Hi, folks. Just wanted to update you all on what's going on in my life. Coaching is still going very well. We're into the actual season now with our first game having been Friday night. It didn't go so well as we ended up losing by 16. The other team played an aggressive game while LCA, to say the least, did not. Unfortunately, there isn't much practice time now to change a lot of things. We have three more games this week so the guys are going to be forced to grow up fast! It's delightful to be out on the court again and to be coaching. There's just something about working with kids in a situation like that, that I really love. It also helps that I occasionally get the opportunity to play in practice. How can you say no to playing? I'm also starting to really like the challenge of having to come up with ways to make these guys better thinkers, players and people. The mysteries of motivation and drive really come through when one coaches.

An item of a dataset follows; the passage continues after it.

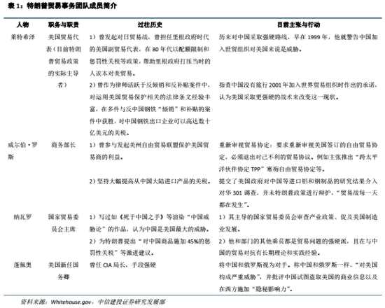 貿易核心決策層中,對華強硬派占主導。白宮最后一位“全球派”——國務卿蒂勒森離職,預示著未來美國采取進一步“貿易戰(zhàn)”措施的可能性加深。在政策執(zhí)行層面,特朗普為貿易政策制定和執(zhí)行打造了具有貿易保護色彩的團隊,其團隊核心成員貿易代表萊特希澤主導多次針對他國的貿易調查,而商務部部長羅斯,國家貿易委員會主席納瓦羅都是貿易保護思想的堅定支持者。

In other news, I have an interview this week. On various trips back from western Massachusetts, the Wrights and I have seen the New Balance headquarters from the turnpike coming into Boston. This gave us the idea to look at their website, search their careers/employment opportunities and see what popped up! Well, I got a call from New Balance and they were interested in me for a customer service position. If I were to get the job, I would be working at the headquarters in the call center with around 35 other people fielding calls from happy, mad, furious and apathetic callers. It might seem like a weird route to go, but I don't think that I would mind the position after having the positive experience of making numerous phone calls at the JFK Presidential Library this summer.

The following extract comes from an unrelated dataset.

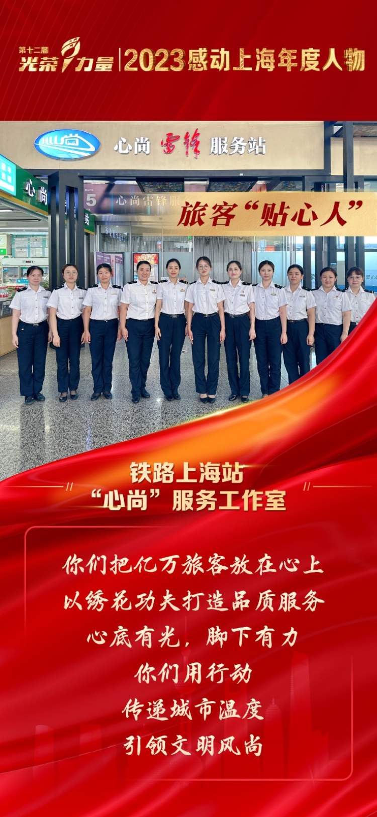11.铁路上海站“心尚”服务工作室成立于2015年,分设于上海火车站、上海南站、上海虹桥站,是致力于为旅客提供暖心帮扶的团队,每日为旅客提供日常问询解答、老幼病残重点服务、遗失物品快捷查询、免费租借轮椅担架等多项便利服务。在大上海保卫战中,团队成员坚守70多天,做好援沪医护人员接送和物资转运工作,共服务医疗队40批、1.7万人,协助运输医疗物资24批、2.9万吨,核酸样本12批、131.2万份。现如今,团队已成为守初心担使命的红色文化阵地、彰显新时代劳动者精神风貌的舞台和洋溢社会文明新风的窗口。曾获全国五一巾帼标兵岗、全国用户满意服务明星班组、中华全国铁路总工会“火车头奖杯”、上海市工人先锋号等。

Yesterday, I attended a performance of Handel's Messiah at Boston Symphony Hall. It was quite an experience and a very good concert. I especially enjoyed the trumpeting during the concert. The Hall is a very ordinary brick building looking at it from the outside but a very rustic, beautiful thing on the inside. The seats are old leather with minimal padding and held together by those little fabric rivets and they sit on old wooden flooring. It's quite easy to imagine people from yesteryear enjoying concerts in the Hall.

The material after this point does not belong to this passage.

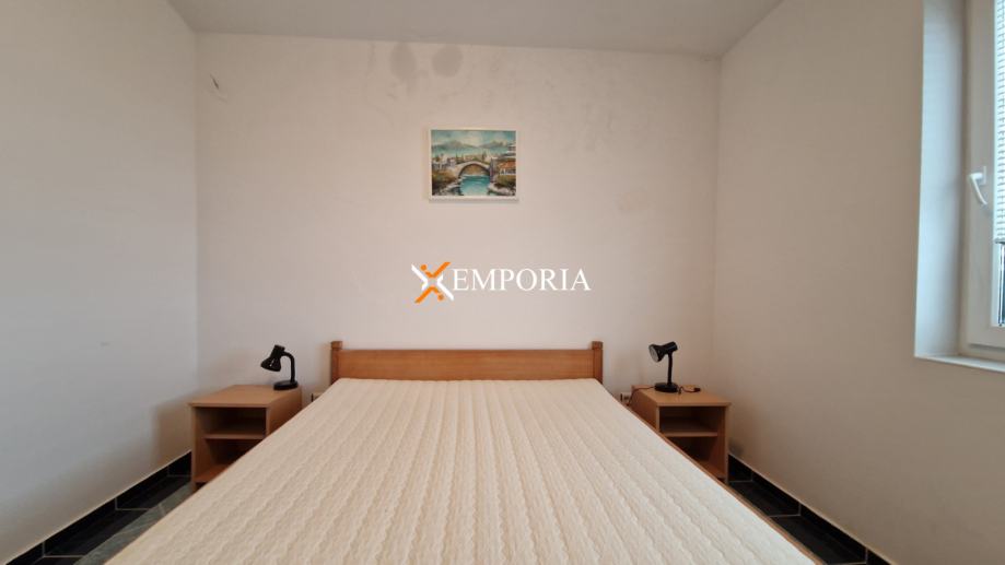 Apartman se sastoji od kuhinje, blagovaonice i dnevnog boravka, dvije spavaće sobe, kupaonice te dvije natkrivene terase koje pružaju dodatni prostor za opuštanje i boravak na otvorenom. Uz stan dolazi i jedno vanjsko parkirno mjesto, koje će biti osigurano kao vanknjižno vlasništvo.OpremaZgrada je građena od cigle, a apartman je opremljen PVC stolarijom s griljama. Podovi su obloženi pločicama, a za hlađenje je ugrađen jedan klima uređaj. Apartman se prodaje s namještajem, što olakšava useljenje ili iznajmljivanje.

Perhaps it's just my attitude, but I still find it hard to just marvel at things like the concert yesterday or Fenway Park in terms of how people generally think a small-town Kansas kid would act. I mean that in the sense that many see a picture of bright-eyed kid with mouth wide open wondering if it can get any better than this. It might be that I don't get as emotional as some, or as caught up in things, but I find myself thinking, this really is just another stage and those are just people. I have watched baseball games from Fenway on TV and heard about these wonderful civic centers in the big cities while growing up, and being at a distance does give them a mystique. But coming to them, there is something normal about them. They are unique due to their history, but we are all human in what we do and therefore, somewhat predictable. For me, that means that we do act, cook and talk differently in many respects, but in the end, we turn out to to be very similar in what we do and how we do things because we have one Creator and one image that we all come from. I guess you would all tell me at this point to start enjoying the intricacies and uniqueness of things in life. Maybe you're right.
Well, now you know why I'm not a great author or the next guy in line for Prarie Home Companion but I hope that gives you a glimpse of things for me here in Boston. I would appreciate your prayers in connection with this interview. It is Tuesday morning at 9:30 by the way.
Take care, all.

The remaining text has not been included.